PDF character encoding problem
September 21, 2010 8:34 AM Subscribe

I have a series of text-based PDF documents that I need to export to Word, but the character encoding is messed up whether I use Reader's save to text or simply copy-and-paste. Help!

There are 5 files total, in Portuguese, about 20,000 words worth of text, that I need to translate. The translation process is much quicker and cleaner if I can export the original text to a Word file and use my usual translation software tools.
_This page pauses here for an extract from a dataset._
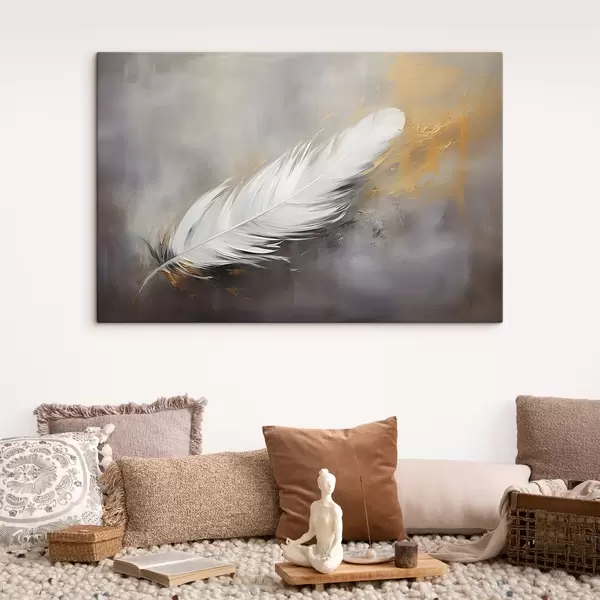 Wandbilder Weiße Feder auf grauem Hintergrund Art. s41557

However, regardless of whether I use Adobe Reader's Save to Text option or simply copy and paste text into a Word file, the character encoding comes out completely garbled.
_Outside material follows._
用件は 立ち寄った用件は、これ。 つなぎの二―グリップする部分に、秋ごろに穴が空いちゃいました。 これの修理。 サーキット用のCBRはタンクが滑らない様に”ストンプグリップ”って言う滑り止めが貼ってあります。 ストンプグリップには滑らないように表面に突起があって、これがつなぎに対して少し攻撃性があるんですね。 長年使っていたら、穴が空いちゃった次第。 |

Again, these are Acrobat-created, primarily text documents (with a handful of embedded images) rather than scanned image PDFs.

When opening the exported .txt files into Word, I have tried every possible encoding in MS Word's file conversion library (UTC-8, etc.), to no avail.
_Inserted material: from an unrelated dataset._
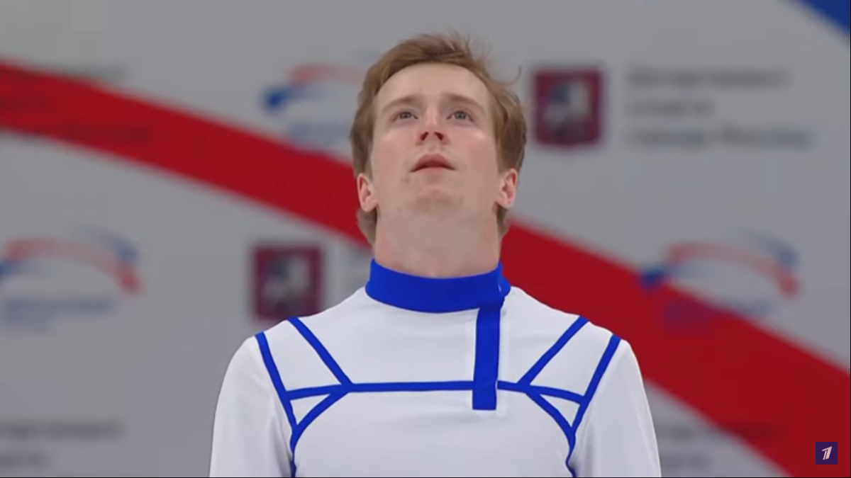 Внезапная программа с не менее внезапным костюмом. Ну я понимаю, косоворотка типа, русско-народный костюм, но для чего эти странные синие полоски вразнобой - они как-то режут глаз и отвлекают. Программа, как ни странно, Саше подходит - ему идет такой образ богатыря, за родину, в атаку и всё такое. Такой Алеша Попович из мультика. Хорошо смотрелся, неплохо прыгал, пытался пару раз навернуться, но сдюжил.

There are no security restrictions on the PDF files against copying or page extraction.

Any suggestions or ideas will be greatly appreciated!

posted by drlith to Computers & Internet (9 answers total)

How do you export?

Do you select 'Format: Text (plain)' and then go to 'Settings...' and choose an encoding there?
posted by mazola at 9:03 AM on September 21, 2010

Character encoding in PDF can be completely arbitrary, so it depends entirely on what was used to prepare your documents. A short sample would be helpful.
posted by scruss at 9:12 AM on September 21, 2010

I am selecting "Save as Text" from the File menu. I only have Adobe Reader, not Acrobat. I don't see any way to change the encoding when exporting to text.
posted by drlith at 9:12 AM on September 21, 2010

The standard, or at least best, way to export PDFs to Word is to use software like ABBYY FineReader. But it's a $300 program.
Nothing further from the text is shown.